**Exercise details:** With pictures left out, only the lines from the one containing "Our newest variation" through the end of the records should be reproduced exactly, please.

**Available records:**
>>>

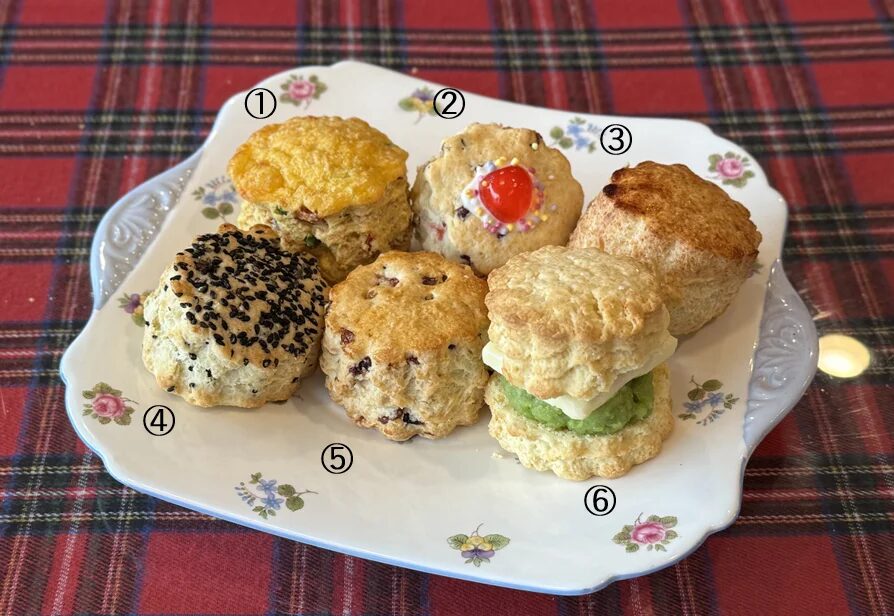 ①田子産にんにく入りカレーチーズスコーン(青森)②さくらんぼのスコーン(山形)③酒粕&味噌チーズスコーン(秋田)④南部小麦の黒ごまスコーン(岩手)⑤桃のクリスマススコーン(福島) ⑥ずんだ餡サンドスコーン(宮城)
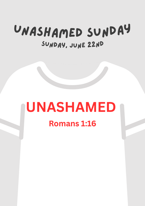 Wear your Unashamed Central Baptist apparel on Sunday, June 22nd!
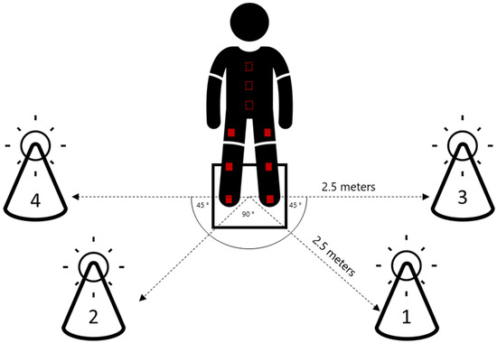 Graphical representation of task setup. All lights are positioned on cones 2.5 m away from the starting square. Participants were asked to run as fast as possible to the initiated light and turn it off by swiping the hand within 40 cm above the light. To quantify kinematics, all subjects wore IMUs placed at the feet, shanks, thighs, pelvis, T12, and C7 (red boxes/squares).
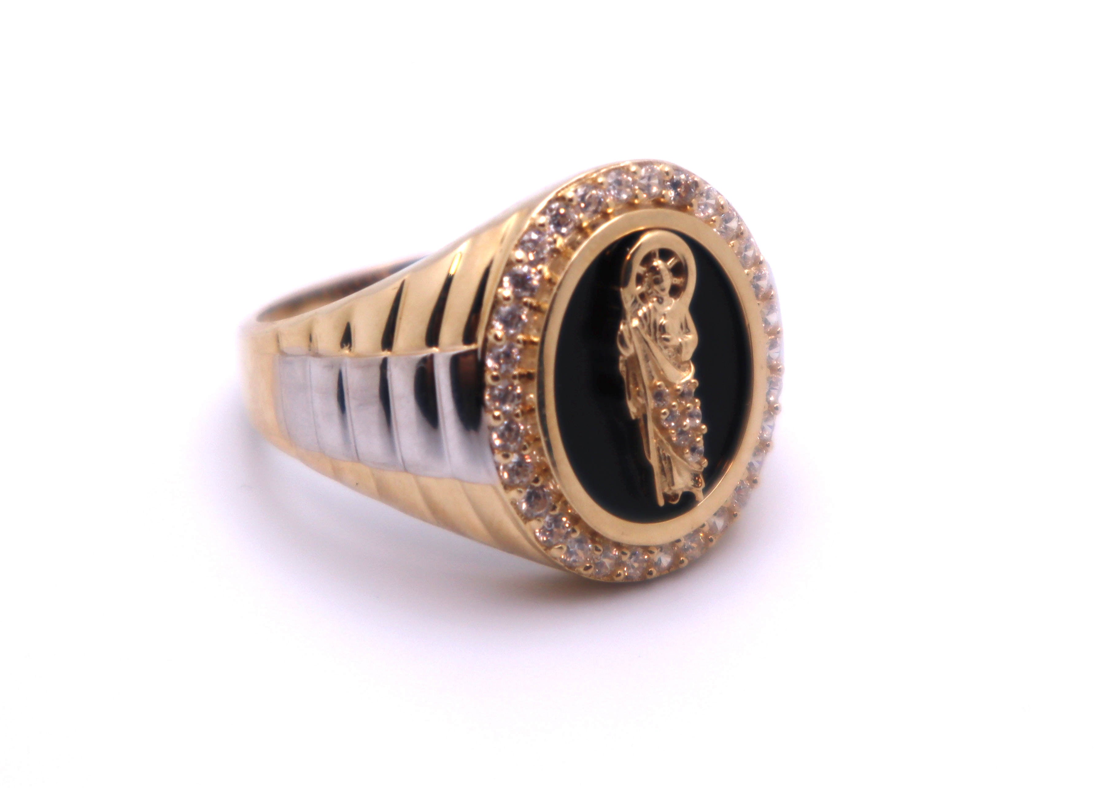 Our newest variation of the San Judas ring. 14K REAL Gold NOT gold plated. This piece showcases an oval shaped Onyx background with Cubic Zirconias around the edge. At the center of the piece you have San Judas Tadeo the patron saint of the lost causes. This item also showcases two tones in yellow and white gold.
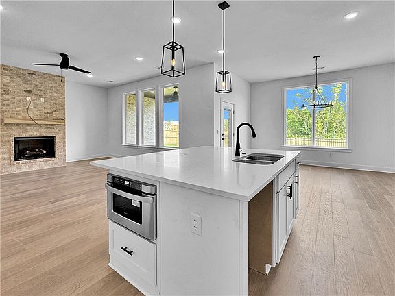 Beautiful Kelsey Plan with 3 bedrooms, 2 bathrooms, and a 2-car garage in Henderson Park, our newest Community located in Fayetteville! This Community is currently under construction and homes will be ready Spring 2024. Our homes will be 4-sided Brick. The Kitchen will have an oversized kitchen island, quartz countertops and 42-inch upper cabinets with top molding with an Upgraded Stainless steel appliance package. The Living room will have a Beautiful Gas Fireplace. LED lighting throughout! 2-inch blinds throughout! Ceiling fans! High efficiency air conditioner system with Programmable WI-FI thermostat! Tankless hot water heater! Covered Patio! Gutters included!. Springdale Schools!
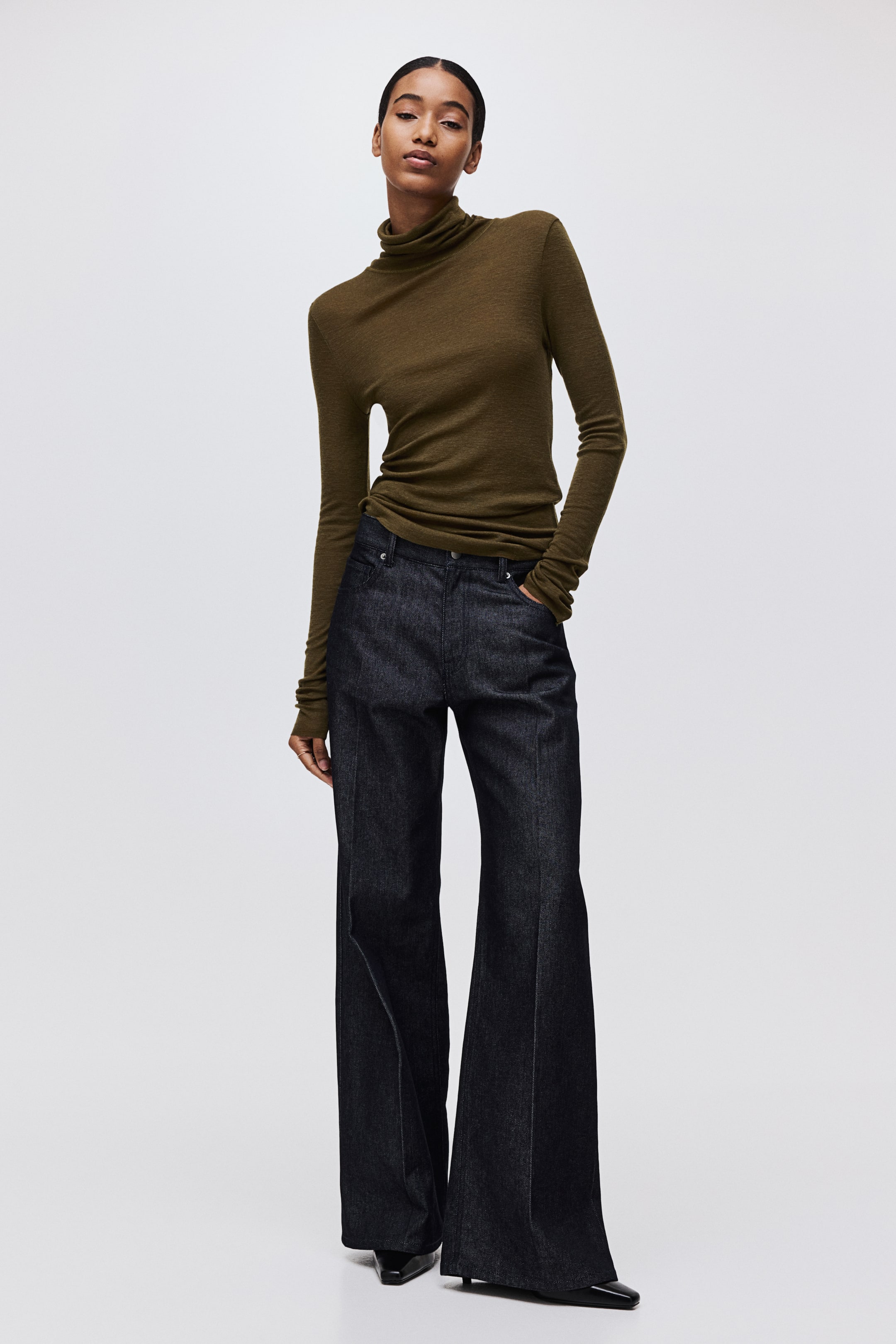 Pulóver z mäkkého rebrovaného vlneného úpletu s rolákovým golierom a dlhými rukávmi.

<<<

**Response for this exercise:**
 Our newest variation of the San Judas ring. 14K REAL Gold NOT gold plated. This piece showcases an oval shaped Onyx background with Cubic Zirconias around the edge. At the center of the piece you have San Judas Tadeo the patron saint of the lost causes. This item also showcases two tones in yellow and white gold.
 Beautiful Kelsey Plan with 3 bedrooms, 2 bathrooms, and a 2-car garage in Henderson Park, our newest Community located in Fayetteville! This Community is currently under construction and homes will be ready Spring 2024. Our homes will be 4-sided Brick. The Kitchen will have an oversized kitchen island, quartz countertops and 42-inch upper cabinets with top molding with an Upgraded Stainless steel appliance package. The Living room will have a Beautiful Gas Fireplace. LED lighting throughout! 2-inch blinds throughout! Ceiling fans! High efficiency air conditioner system with Programmable WI-FI thermostat! Tankless hot water heater! Covered Patio! Gutters included!. Springdale Schools!
 Pulóver z mäkkého rebrovaného vlneného úpletu s rolákovým golierom a dlhými rukávmi.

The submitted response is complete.